Bruno Pieters Fall 2006: ‘Reinventing Classics Through A Lens of Modernity’
Paris Prêt-á-Porter Fall 2006
By: Mari Davis
Photos by FW
PARIS, Feb 27, 2006/ FW/ --- For an off calendar show, the fashion flock came in force today at the Bruno Pieters show at the Musée de L’Homme. All seats were taken, the standing room full and there was no inch to spare at the photographer’s pit.
Showing his 11th collection this season, the twenty-eight year old Belgian designer stayed true to his vision of ‘reinventing classics through a lens of modernity,’ this time tackling the historical Jewish costumes of the 18th century turning them into contemporary silhouettes with an understated elegance and formality.
Opting for a very neutral color palette of black, white, midnight blue and beige and beige, with just a few splashes of olive green, the message is clear – architecturally structured silhouettes of pleasing proportions.
The opening garment said it all, an all black ensemble of a knee-length pleated skirt paired with a tailored jacket with standing collar, the long sleeves slightly puffed, and an embedded belt loosely defining the waist keeping the silhouette slender.
It’s graceful; it’s reserved but thoroughly chic and fresh.
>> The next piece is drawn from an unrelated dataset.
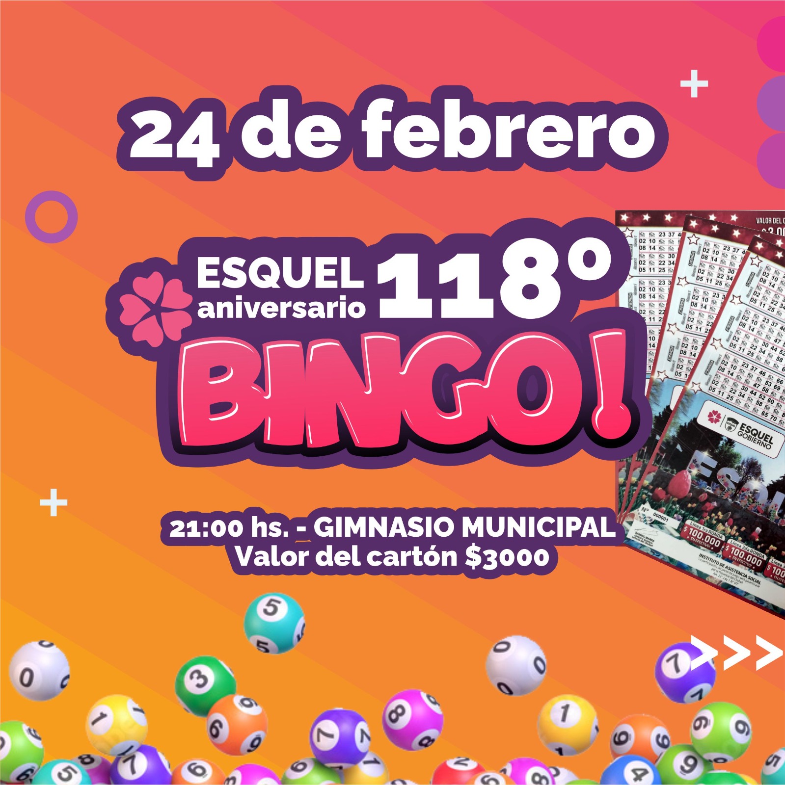 Los recitales son gratuitos. Sin embargo, cabe aclarar que tendrán prioridad de acceso al Gimnasio Municipal aquellas personas que cuenten con el cartón de bingo. El resto, ingresará por orden de llegada y sujeto a la capacidad máxima.

And that description can be applied to all the pieces in the collection, from the double-breasted coat constructed from washed wool jacquards and brocades to the midnight blue egg-shaped dressed sheered right at the thighs extended with a tube adorned with tiny ruffles so that the hemline reached a few inches above the knee.
The half jackets and half capes will become definite must-haves for fall, while the white high-collared tuxedo shirt constructed with mini-box pleats will find its way in the wardrobes of a lot of women.
For evening, Bruno Pieters did not change his tempo, creating rabbinical-like floor length skirts that were paired with extra-long knit sweaters or day jacket.